Proving kerT is a subspace of V. and rangeT is a subspace of W.
My question is as follows: Suppose $V$ and $W$ are vector spaces, and let $T: V \longrightarrow W$ be a linear transformation.
Show that $\ker T$ is a subspace of $V$.
Show that $\operatorname{range} T$ is a subspace of $W$.
Most of my problem here is I don't think I fully understand the concept of the kernel and the range.
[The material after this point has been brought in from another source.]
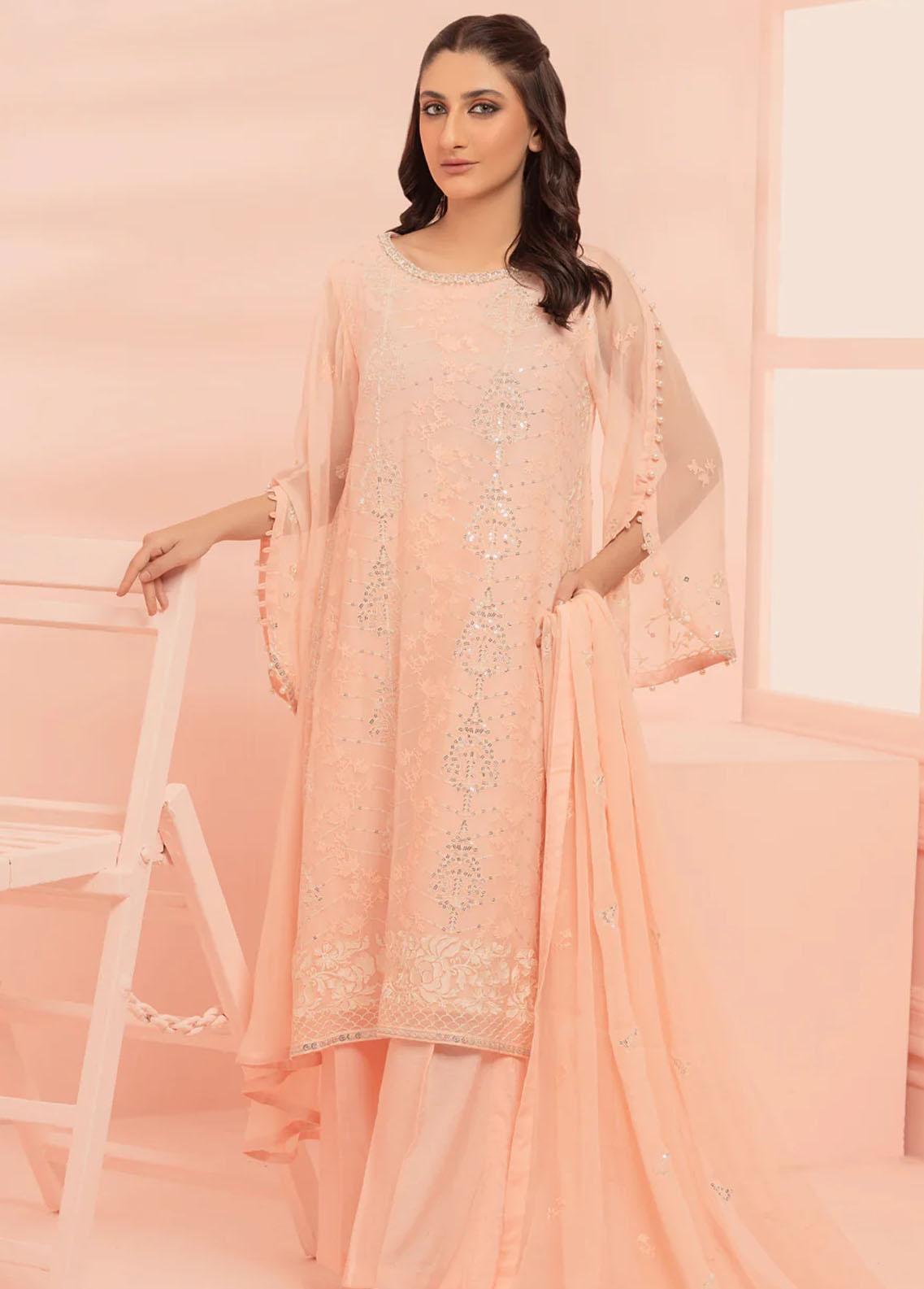 Ready to wear chiffon tunic in Pastel Peach shade ornamented with crystal hand embellishment with sequins and thread work is used on the embroidery for an elegant look
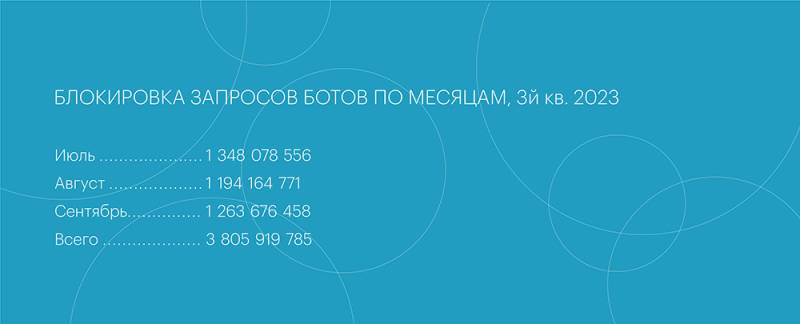 В сравнении со вторым кварталом, количество атак ботов сократилось на 10%, составив 3 805 919 785. Пиковые значения в третьем квартале оказались меньше, не было рекордных по объему и продолжительности бот-всплесков, которые выделялись бы относительно повседневной активности. Самым активным месяцем 3 квартала стал июль, на который пришлось больше всего атак: 1,35 млрд. заблокированных запросов ботов.

I know that the kernel relates to a null space, and the range to the column space... I also know that I have to show that each (the kernel and the range) must contain the zero vector, preserve vector addition and scalar multiplication.
The kernel is then all the solutions to $Ax= \vec 0$, so the zero vector must be there?
I don't know how to proceed from there and we have hardly worked with the kernel and the range in class, so I really don't know where to go with this problem.
To show that $\ker T$ is a subspace of $V$, we need to show that it has the following properties:
- Has $0$
- Is additively closed
- Is scalar multiplicatively closed
Clearly $T(0)=0$. So we need only show additive and scalar multiplicative closure.
Additive closure: We want to show that if $a,b\in \ker(T)$ then $a+b\in\ker(T)$. E.g. $T(a)=0,T(b)=0\implies T(a+b)=0$. This follows from the property of additivity, $T(a+b)=T(a)+T(b)=0+0=0$, and hence $a+b\in\ker T$.
Scalar multiplicative closure: We want to show that if $a\in\ker(T)$ then $ka\in\ker(T)$ where $k\in\Bbb F$. So $T(a)=0$ and by the property of homogeneity(of degree $1$) we have that $0=k0=kT(a)=T(ka)$ and hence $ka\in\ker(T)$